Note You need to log in before you can comment on or make changes to this bug.
Description Carlos O'Ryan 2002-08-05 15:14:28 CDT
OK, we have been here before and fixed many of these bugs, but it is happening
again, obviously the regression tests are missing the problem and the connection
management is busted yet another time.

I will be adding a regression test shortly, but having the server crash in the
middle of a request like this:

// IDL
interface Echo
{
  void echo_payload(in Payload x);
};

is not good news.  I think it also crashes if the operation above is a oneway,
notice that the client has to be in the right state, i.e. blocked trying to
write or using the Reactor/handle_output() loop to send the data.  And it helps
if the error is detected by write() instead of read.

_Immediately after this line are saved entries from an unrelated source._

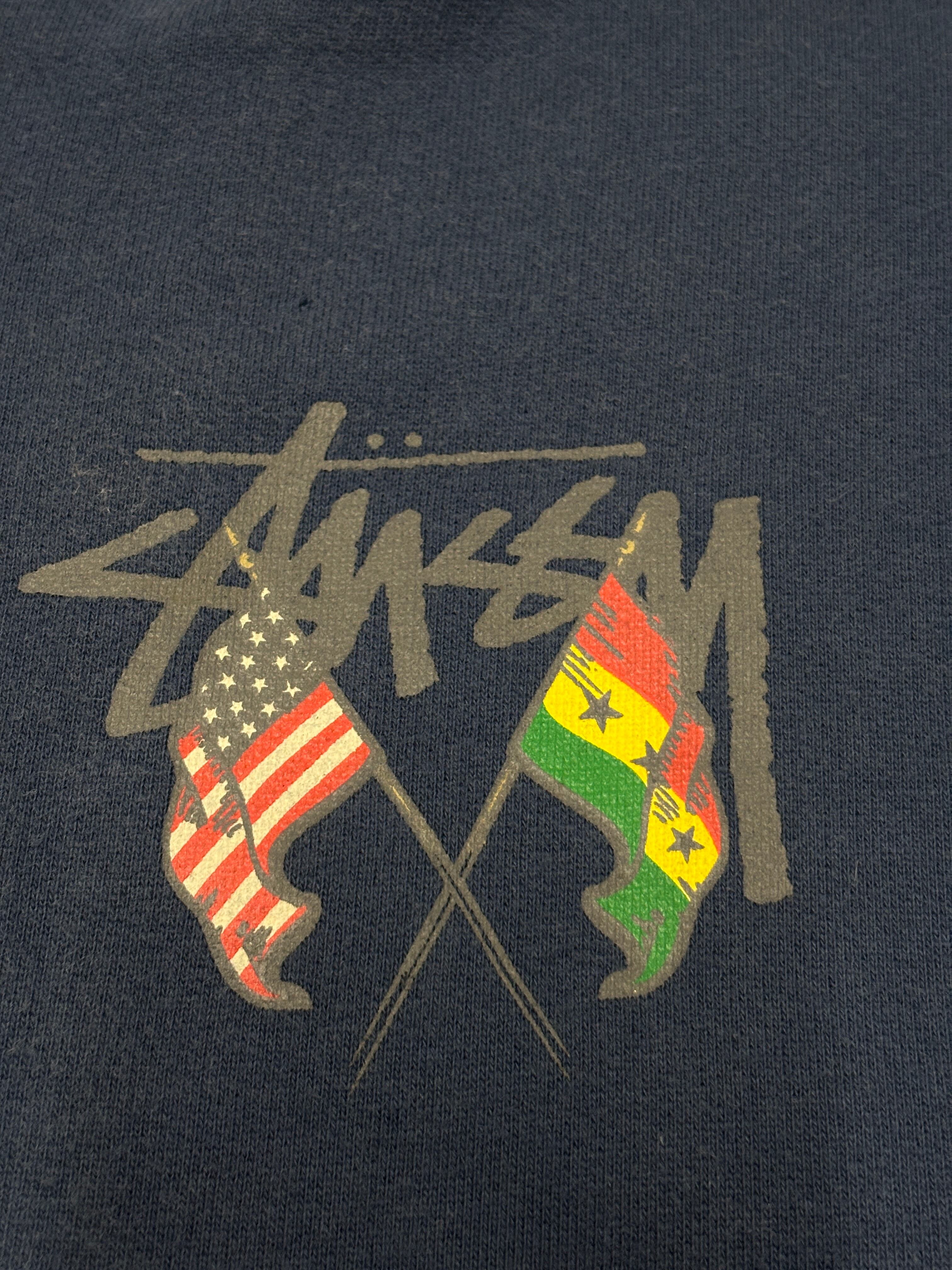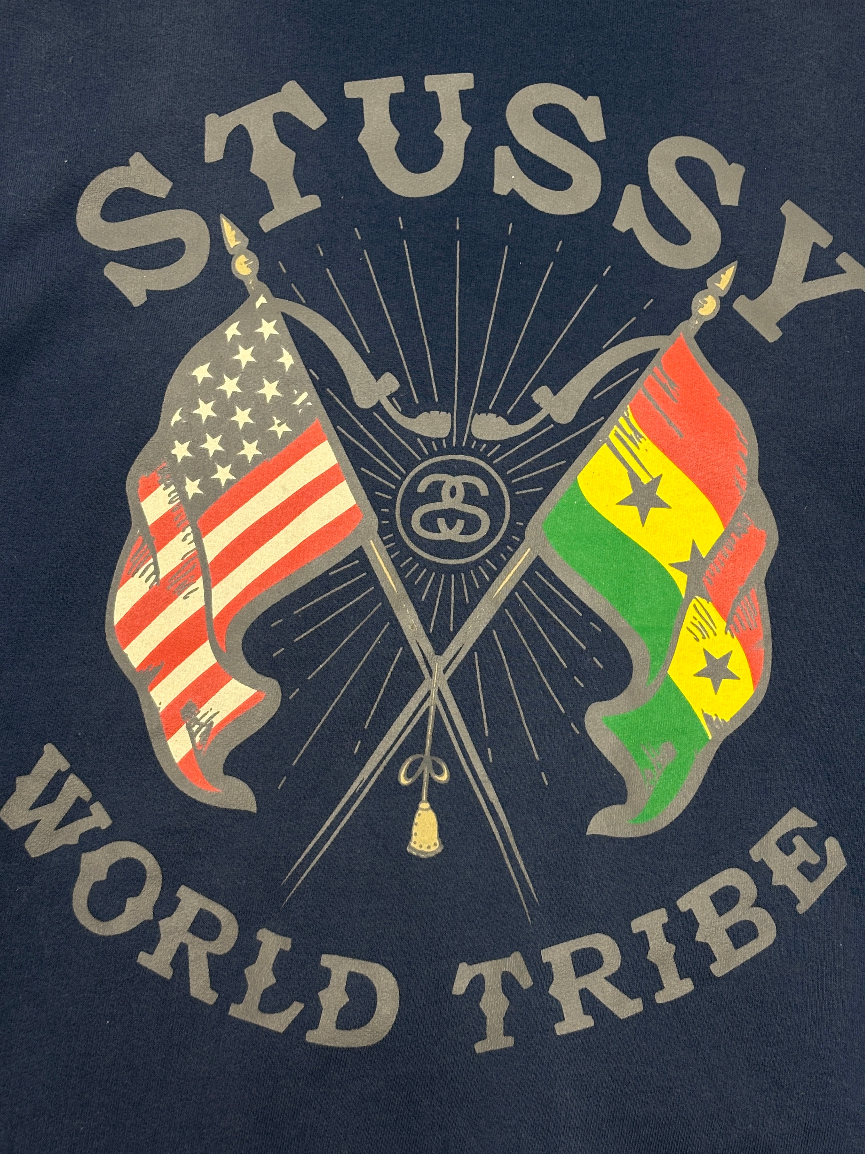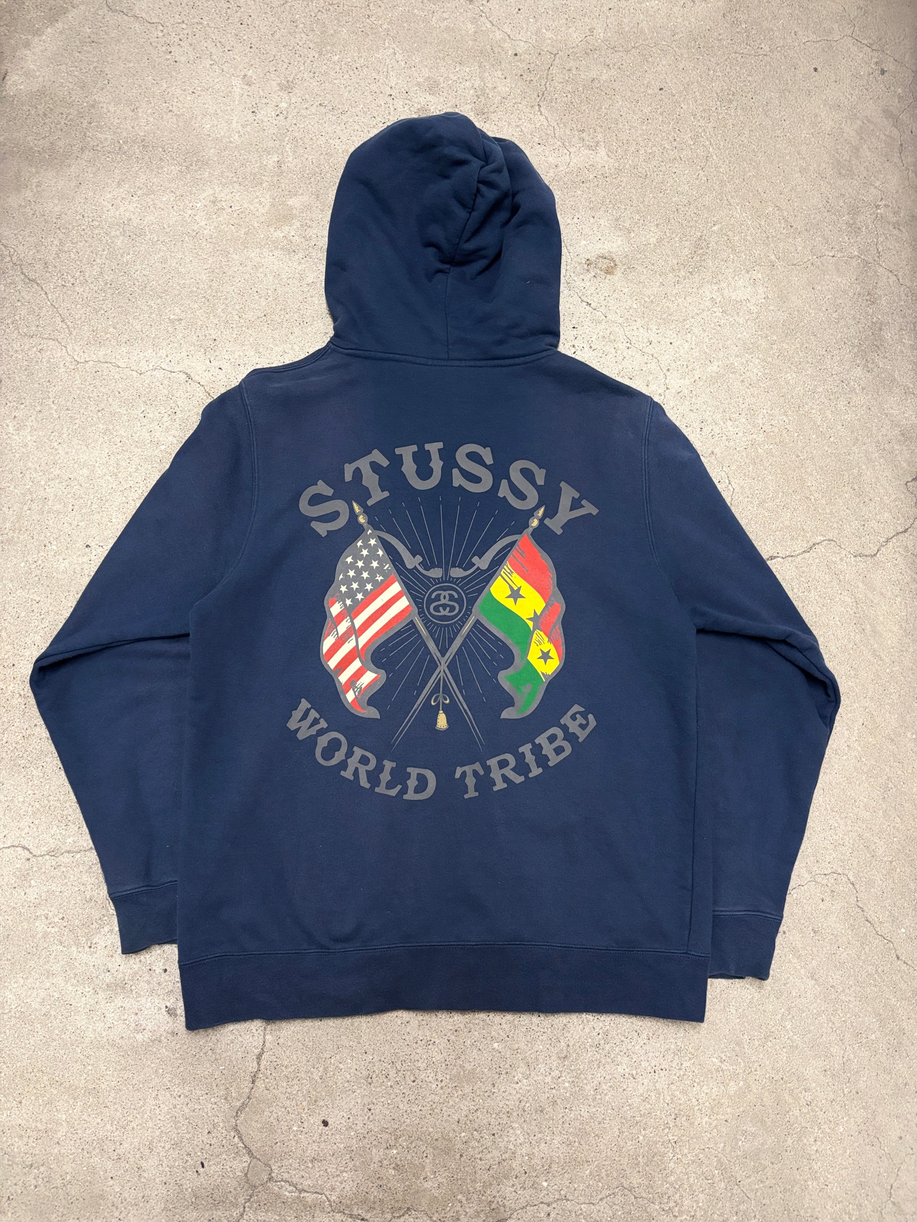 00s OLD STUSSY/WORLD TRIBE print zip Hoodie/M/ロゴプリントジップフ-ディ-/パ-カ-/国旗/アメリカ/ガ-ナ-/ネイビ-/ステューシー/オ-ルドステューシー/古着/ア―カイブ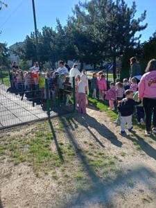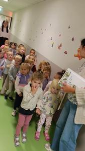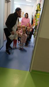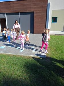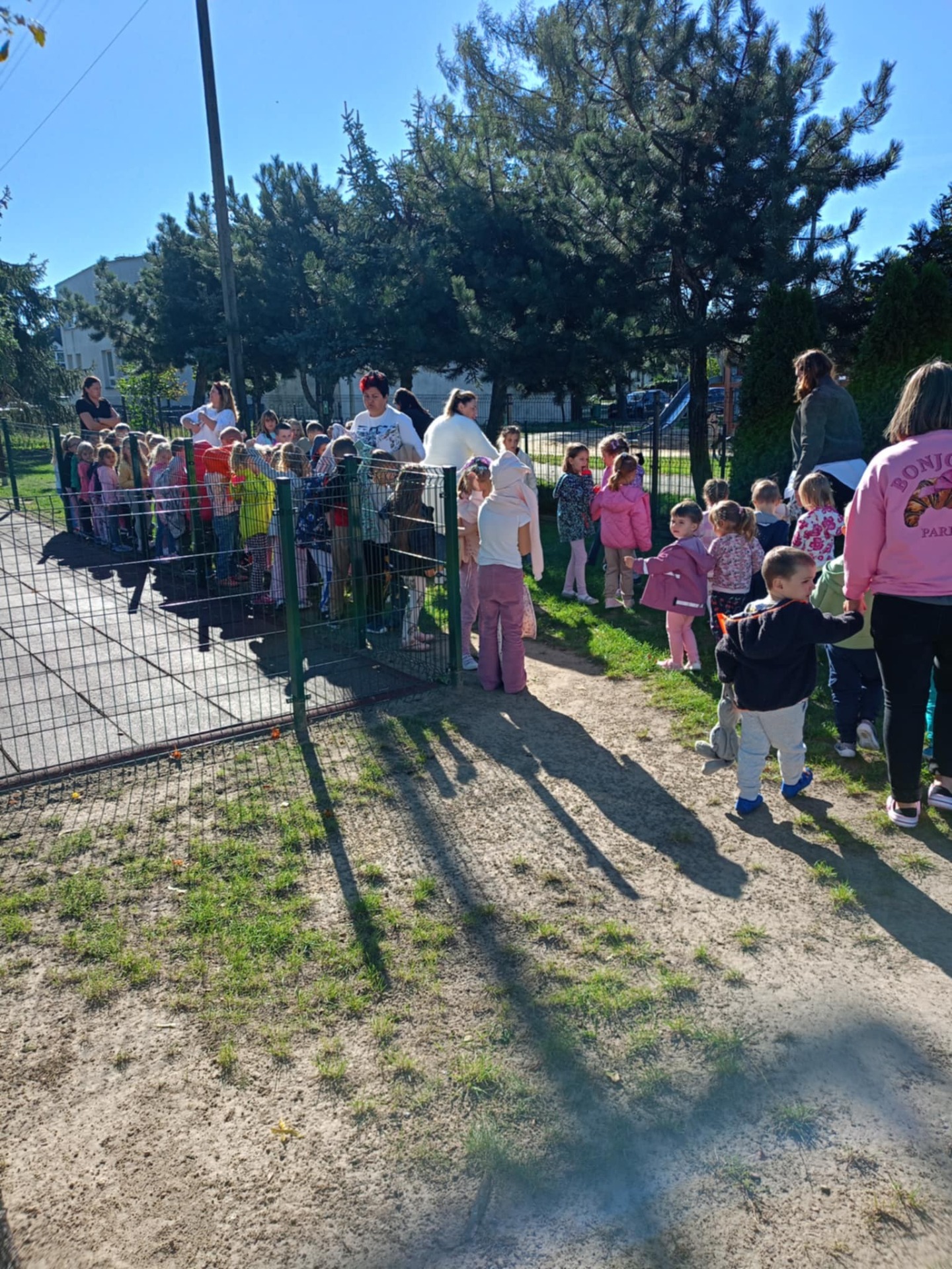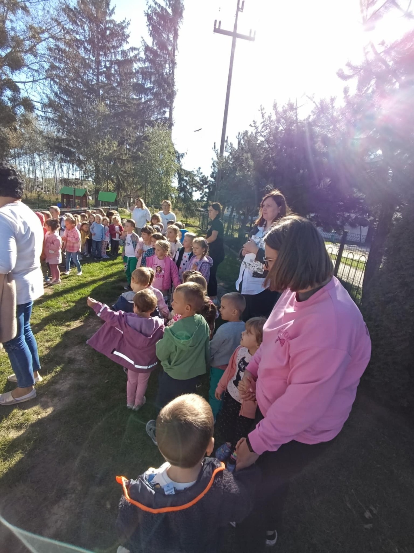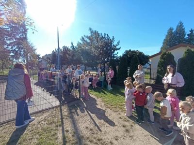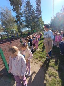 Nauczyciele informują dzieci, aby przerwały dotychczasowe zajęcia i ustawiły się w pary.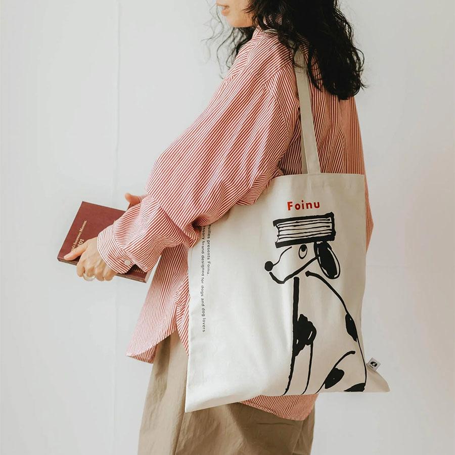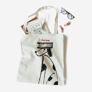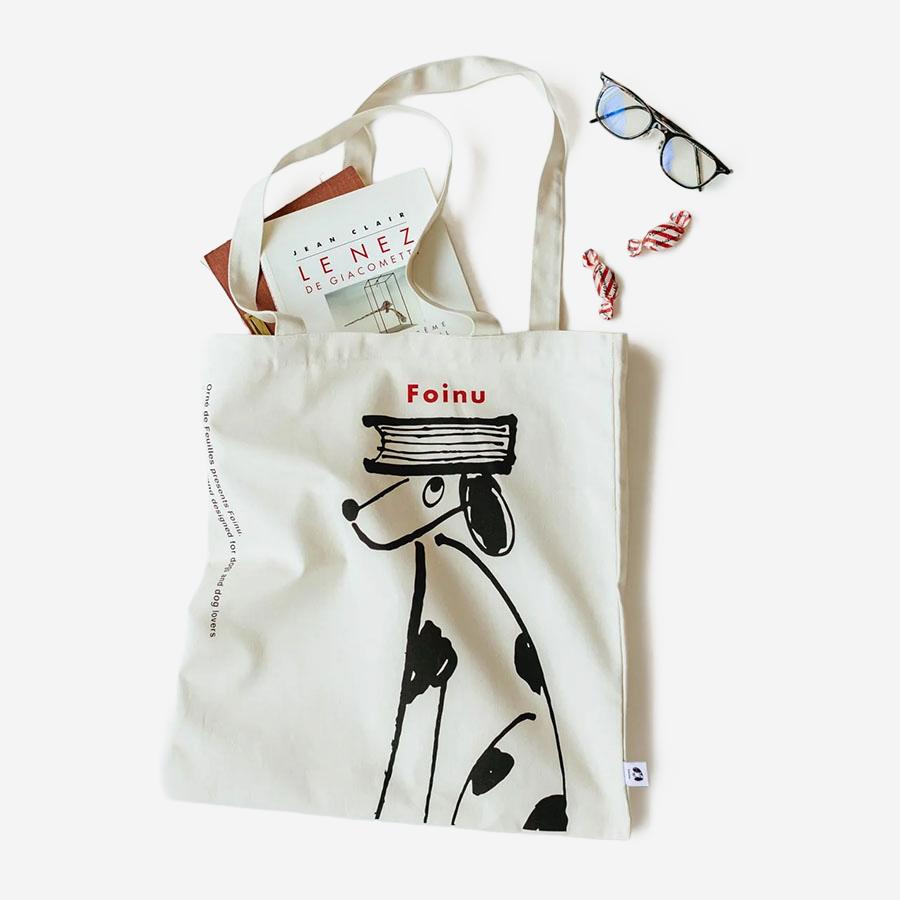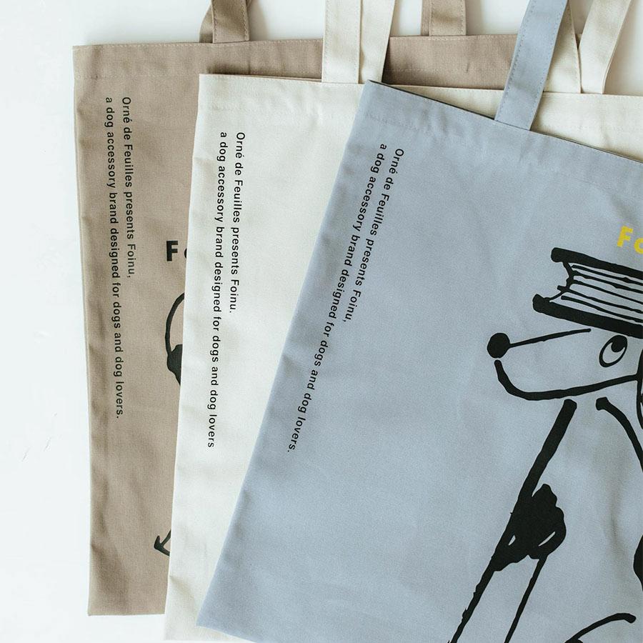 フォイヌのトレードマークになっているワンちゃんのイラストのトートバッグ。

But at this point my analysis is probably premature (read that as "most likely
wrong"), the core files don't lie though :-)
Comment 1 Carlos O'Ryan 2002-08-05 15:57:13 CDT
Created attachment 134 [details]
Regression test for this bug (tarred)
Comment 2 Carlos O'Ryan 2002-08-05 15:58:10 CDT
Doh!  The repo is frozen, so I attached the regression test to the bug, will
commit once the beta is out and they thaw the repo.
Comment 3 Nanbor Wang 2002-08-20 11:19:22 CDT
Last heard that Carlos was looking to fix this. If not, we need to take care of 
this.
Comment 4 Carlos O'Ryan 2002-09-09 16:37:45 CDT
Adding dependency on 1305
Comment 5 Carlos O'Ryan 2002-10-14 10:04:37 CDT
Created attachment 150 [details]
Patches to the ORB core.
Comment 6 Carlos O'Ryan 2002-10-14 10:05:01 CDT
Created attachment 151 [details]
Patches to the protocols.
Comment 7 Carlos O'Ryan 2002-10-14 10:13:00 CDT
OK.  I attached two patches that fix this bug.
The first patch:

http://deuce.doc.wustl.edu/bugzilla/showattachment.cgi?attach_id=150

modifies the ORB core and solves the problem (at least as far as I can solve it.)
The second patch:

http://deuce.doc.wustl.edu/bugzilla/showattachment.cgi?attach_id=151

simply modifies the pluggable protocols to match the changes in the ORB Core, so
it needs no explanation.

As to the first patch, here are the changes in detail:

1) It eliminates the pending_upcall_ vs. refcount_ fields in the
Conneciton_Handler.  Having two reference counts is hard to debug and extremely
hard to get right.  It also makes it hard to state when the object is deleted,
hard to analyze the reference counting rules and it actually does not help with
anything I can see, so it is zapped.

2) The transport_ field in the Connection_Handler is atomically modified.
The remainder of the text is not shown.